Bigger Can be Better When It Comes to Purchasing Default Management Services

Posted on Sep. 25, 2019 | By The Attigo Team

Group buying has gained popularity across different markets as a way for individual people or companies to reap the benefits of power in numbers. Known by economists as "economies of scale", the advantages can include more purchasing power, lower costs, and reduced administrative workload. If you’ve ever wondered if group buying could work in the higher-ed industry—specifically with default management services—keep reading. It’s an interesting thought we’ve explored.


Each year, millions of students rely on federal student loans. While many successfully repay them, others struggle and default, experiencing serious consequences. As schools are being held increasingly accountable for student success, finding innovative and cost-effective solutions remains on the to-do list for many higher-ed leaders. 

Taking Advantage of Group Buying through Affiliation

The Wisconsin Technical College System (WTCS) has more than 300,000 individuals who access their 16 technical colleges each year. While programs are very affordable, many students rely on loans to help finance their education and cover living expenses. When it comes time for students to repay their loans, the schools want to provide extra help to those who need it. 

In the fall of 2017, WTCS leadership discussed this need. But with tight budgets and limited resources, they set out to find a creative way to serve their students and reduce Cohort Default Rates (CDRs). They explored group buying whereby individual campuses were offered the chance to evaluate and purchase default management services as part of a larger entity.

Case StudyWTCS wanted their schools to be able to maintain autonomy in the types of services they chose to use (e.g., financial wellness tools, default prevention outreach and counseling, defaulted loan rehabilitation, etc). But they also wanted schools to reap the benefits of group buying. In total 13 of the 16 schools participated. The positive, and significant, outcomes achieved (in less than 12 months) are explored in a case study. 

Group Buying Benefits

The benefits of a multi-campus approach can include:

  • discountCost effectiveness. Service providers have fixed expenses that become proportionally smaller with higher volume.  This situation provides an opportunity to offer their services at a proportionally lower fee.
  • Measurable reduction in administrative time. When going through the purchase process as a whole, there's one collective body considering an offer. Instead of creating,  scoring and evaluating four separate Requests For Proposals, or four default prevention presentations there's a single team that can collaborate and share in the responsibilities. This goes to the adage many hands equals light work. 
  • Contract coordination. As a unified group with similar legal requirements the oversight of establishing or evaluating terms and conditions becomes easier. From the vendors side the ability to review and execute one contract verses multiple separate contracts brings positive financial gains, which subsequently benefits schools as well.

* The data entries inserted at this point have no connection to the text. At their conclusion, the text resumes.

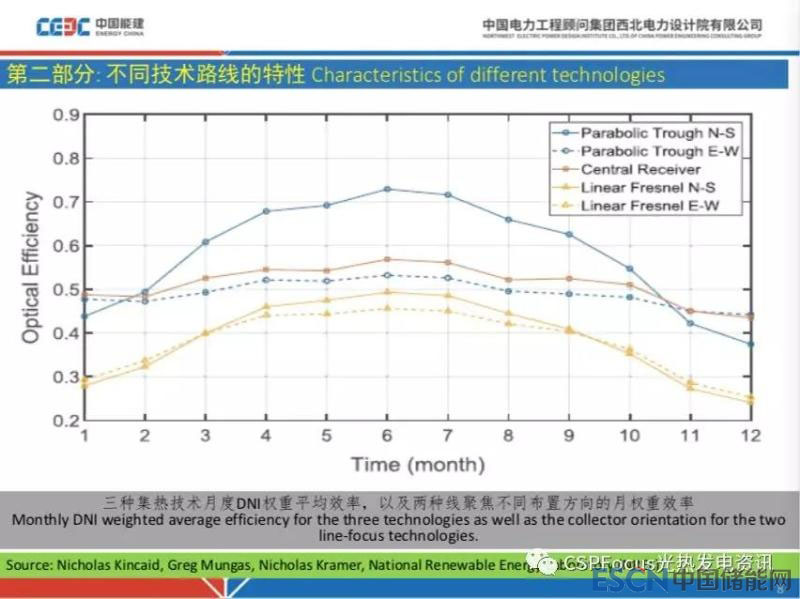 這就告訴我們,在一定緯度區(qū)域,從光學(xué)效率環(huán)節(jié)上講槽式電站有一定的優(yōu)勢,請記住,和緯度有一定的關(guān)系。槽式電站東西向布置和塔式電站效率表現(xiàn)類似,比較平穩(wěn),表現(xiàn)這兩根線隨月度變化沒有明顯的坡度。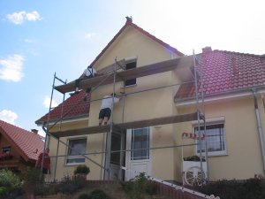 Und da noch nicht genug gestrichen rächte sich ein weiterer "Fehler": Als das Gerüst beim Bau noch stand, hatte ich keine Lust den Dachkasten zu streichen. Nach der Einsicht, daß dies mit einer Leiter um die 8.00m lang doch eher ein Himmelfahrtskommando werden könnte, kamen mir meine beiden Nachbarn Uwe und Thorsten zu Hilfe und bauten für ein Bierchen danach jeweils nach Fortschritt ein Gerüst auf - vielen Dank noch mal !
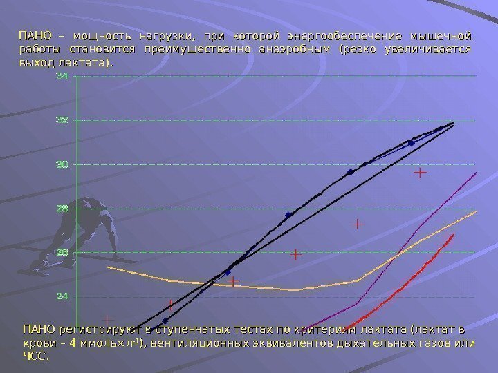 ПАНО – мощность нагрузки, при которой энергообеспечение мышечной работы становится преимущественно анаэробным (резко увеличивается выход лактата). ПАНО регистрируют в ступенчатых тестах по критериям лактата (лактат в крови – 4 ммоль ×× лл -1 -1 ), вентиляционных эквивалентов дыхательных газов или ЧСС.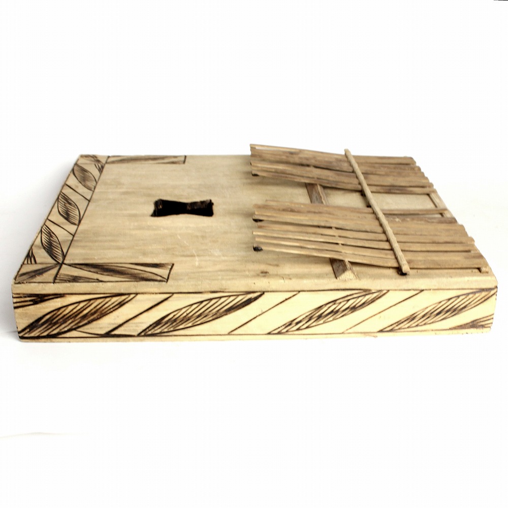 カメルーンの竹サンザ。音色は竹ならではの優しい響きに加え、倍音がより深みのあるサウンドを演出します。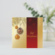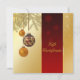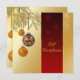 A noble and elegant Christmas illustration: golden Christmas tree branches with hanging Christmas ball ornaments on a red-golden background.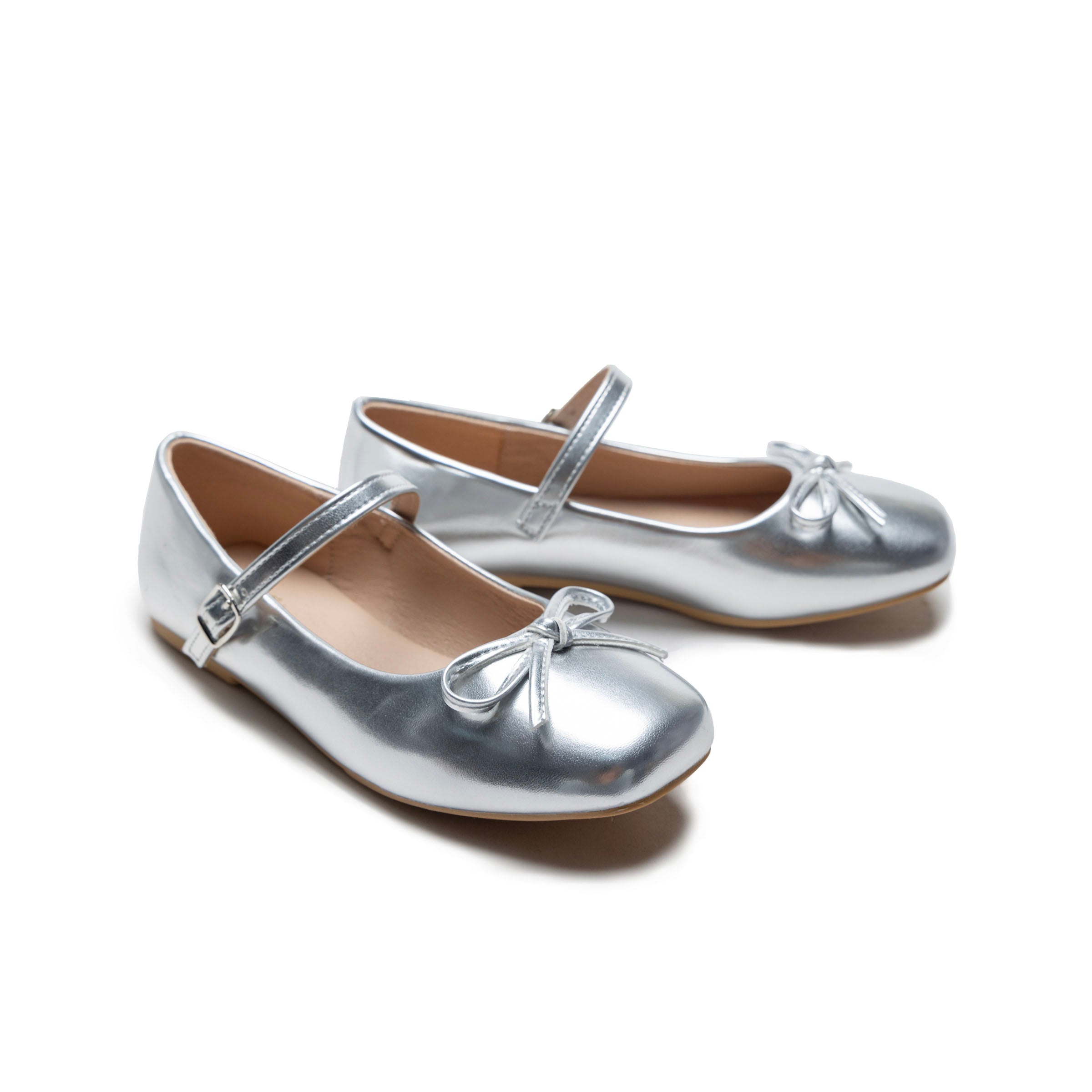 A sculpted bow graces the front, lending a soft, feminine accent to the modern metallic tone. Designed with comfort in mind, they offer a snug fit and gentle support for every step.

Searching for a default prevention company is easier using these resources

6 Steps to Choosing A Default Prevention Partner
Checklist to Compare Default Prevention Providers

Ways for Single Schools to Band Together

If you're not part of a larger school system like the WTCS, don't give up hope for this opportunity. There maybe ways to affiliate with an existing group or find like-minded schools looking to create a buying group.

  • Reach out to peers at similar schools in your state or region. 
  • Post an inquiry on your favorite listserv. 
  • Connect with schools through your state association.
  • Engage your state leadership. Are your legislators interested in pursuing a state-based solution?

The consensus we discovered is that group buying isn't just for retailers and hospitals. There's a real opportunity for the higher-ed industry to save time and money and grow their buying power.